Where communities thrive


  • Join over 1.5M+ people
  • Join over 100K+ communities
  • Free without limits
  • Create your own community
People
Activity
    Kasra
    @kkasra12
    is there any built-in command to find the interleave between two FASTQ files ?
    mans
    @mansoureh_mans_twitter
    Hi Mark, thank you very much for your response. The PATH is exported correctly because when I execute Seqc -help, all the options and relevant info are displayed correctly. However, whenever I try seqc xxx.seq I see absolutely no output. Indeed nothing happens and cursor jumps to them next line as if no command has been executed at all.
    A. R. Shajii
    @arshajii
    Hi @mansoureh_mans_twitter what is the content of xxx.seq?

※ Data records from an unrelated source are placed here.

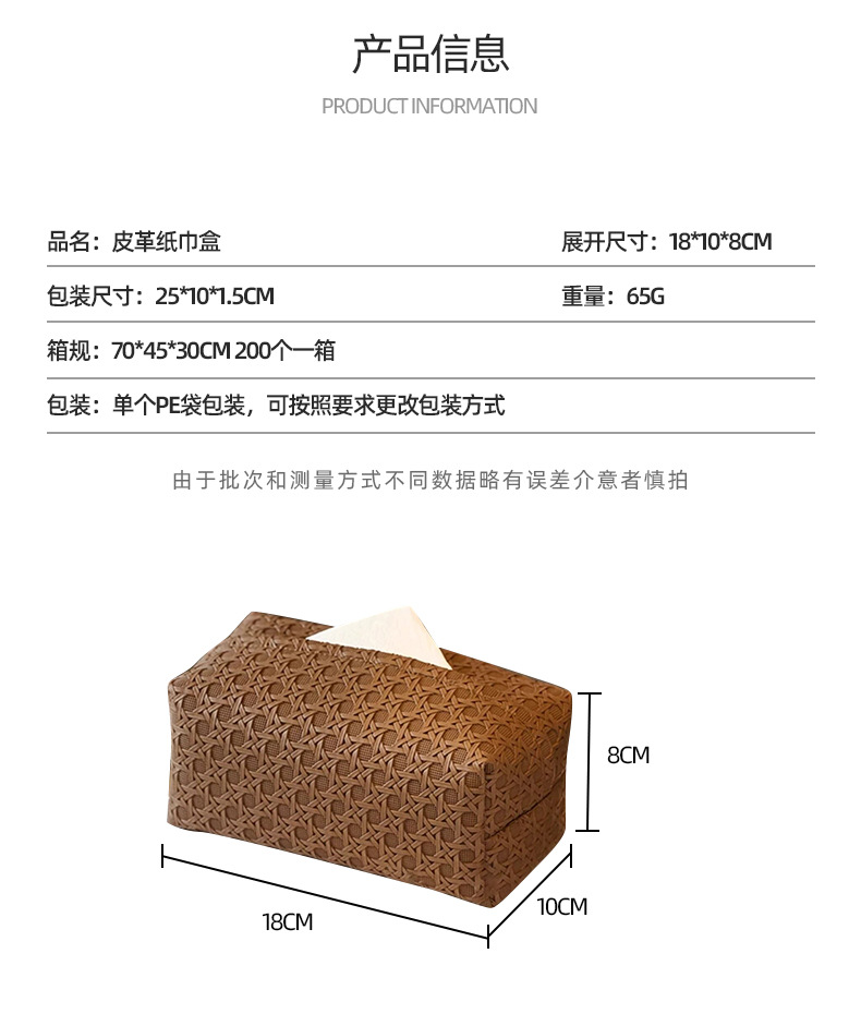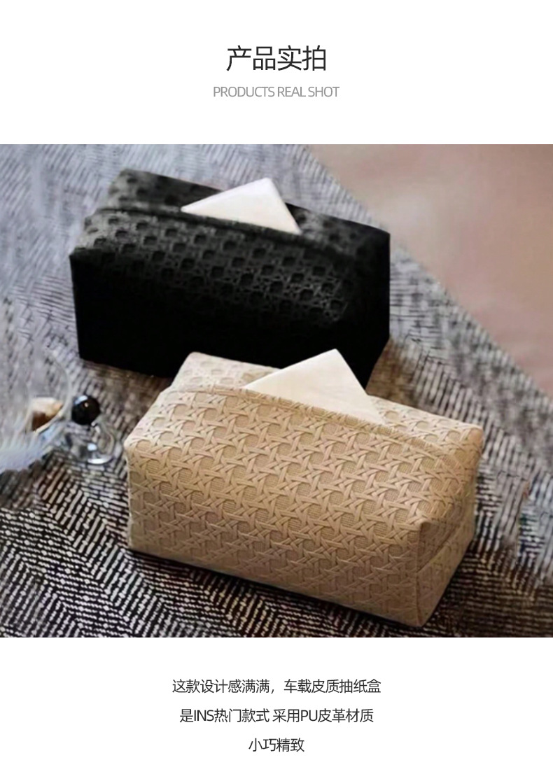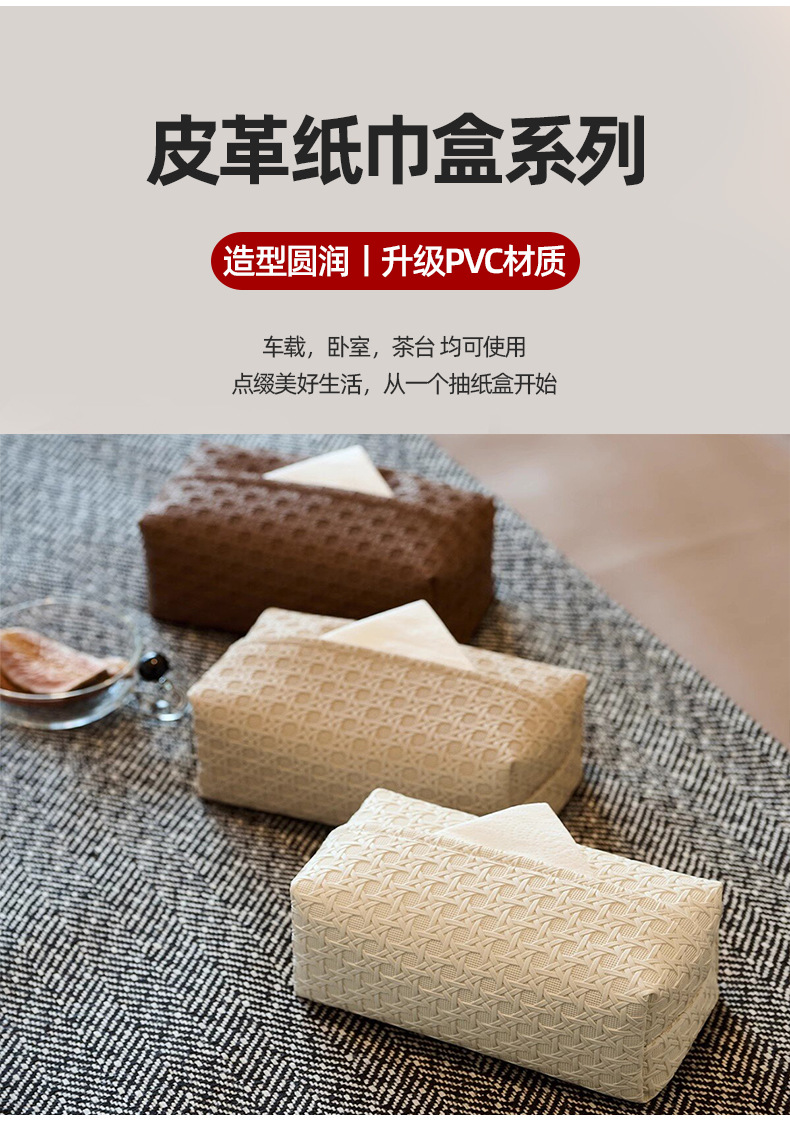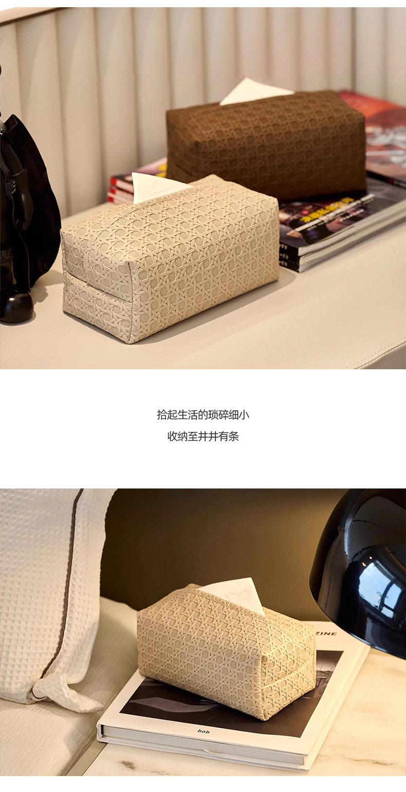 엄선된 새로운 심플한 등나무 무늬 가죽 티슈 박스, 티 테이블, 가벼운 럭셔리 장식, 침실, 거실 장식품, 가죽 티슈스토어 가기
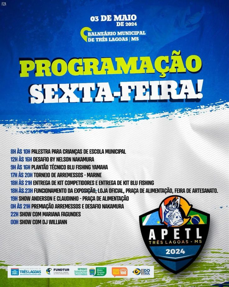 O Torneio é promovido pela Associação de Pesca Esportiva de Três Lagoas (APETL) em parceria com a Prefeitura de Três Lagoas, por meio da Secretaria Municipal de Desenvolvimento Econômico, Ciência e Tecnologia (SEDECT).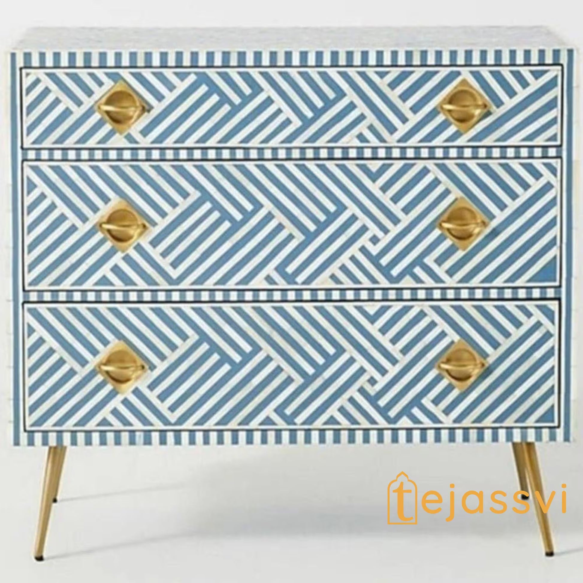 Wooden Bone Inlay Chest of 3 Drawers stripe Blue with Brass Legs, Bone Inlay Dresser, Bone Inlay Sideboard, Bone Inlay Furniture, Optical Cabinet.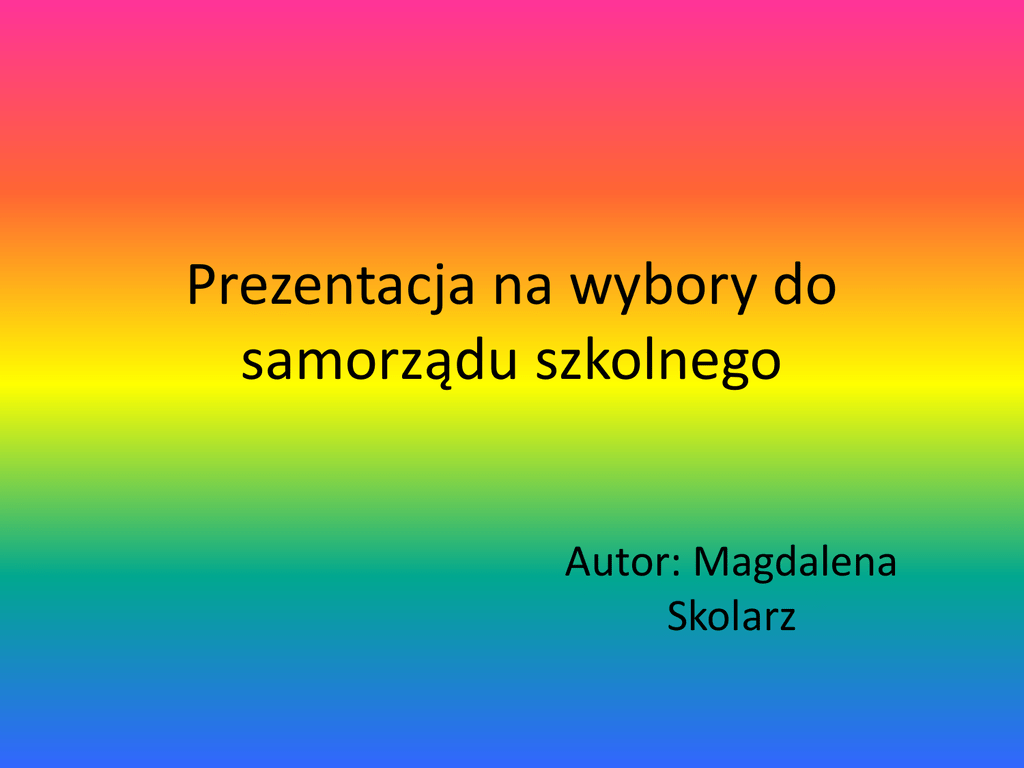 Prezentacja na wybory do samorządu szkolnego Autor: Magdalena Skolarz Trochę o sobie :D Nazywam się Magdalena Skolarz i chodzę do klasy III a Bardzo lubię grać w piłkę nożną oraz w siatkówkę ogólnie kocham W-F :D Interesuję się też muzyką . Obecnie uczę się grać na gitarze i skrzypcach . Oprócz tego należę do zespołu ,, Grojcowianie” , gdzie tańczę i śpiewam • Startuję do Samorządu szkolnego, ponieważ chciałabym zmienić coś w naszej szkole. Sprawić, aby każdy dzień spędzany w niej był dniem udanym, by uczniowie nie stresowali się nauką a szkoła była przyjazna i wesoła. Moje propozycje • Jeśli zostanę przewodniczącą postaram się aby: - raz w miesiącu np. ( w każdy pierwszy piątek miesiąca ) był dzień bez pytania w szkole - odbyło się ok. 5 dyskotek szkolnych - miał miejsce pokaz mody oraz konkurs na miss i misstera w szkole - sprawnie zadziałała poczta walentynkowa • Urządzono walentynki i konkurs na najlepiej ubraną na czerwono osobę w szkole. • Przygotowano ,,Mikołajki z humorem” :D • Zorganizowano przegląd muzyczno-taneczny młodych talentów • Przygotowano akademie z różnych okazji • Miał miejsce ,,Dzień dziecka” Odbył się dzień sprawności fizycznej Zakończenie •JEŚLI PODOBA CI SIĘ MOJE PRZESŁANIE GŁOSUJ NA MNIE !!! :D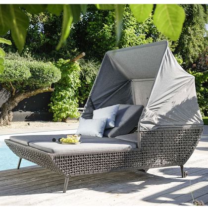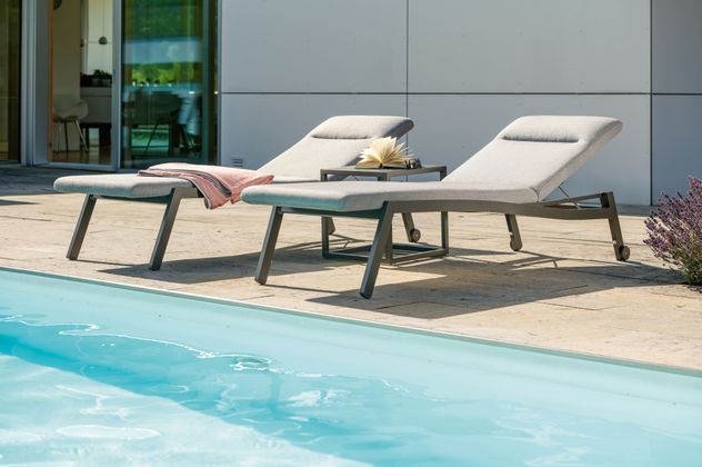 Anthrazit- und Grautöne, klare Formen und hochwertige Oberflächen sorgen für eine ruhige, elegante Outdoor-Atmosphäre. Bequeme, abgestimmte Polster laden zum Entspannen und Genießen ein.

    @kkasra12 Are you trying to produce an interleaved FASTQ? You can do that by reading two FASTQs simultaneously (e.g. with zip as in Python) then printing the two records.
    mans
    @mansoureh_mans_twitter
    Hi A.R. It is fixed now. Apparently I didn't execute Seqc xxx.seq in the folder where xxx.seq exists. That's why Seq was not able to find the file and moved to the next line without any output.
    Ibrahim Numanagić
    @inumanag
    Oh, that is a bug then! Thanks for reporting it
    Gert Hulselmans
    @ghuls
        open_func: Union[function[gzFile,str,str], function[File,str,str]] = open
        open_func = open
        open_mode = 'w'
        # Define open function and open mode to the correct setting, depending on the fact
        # that the output file is gzipped or not.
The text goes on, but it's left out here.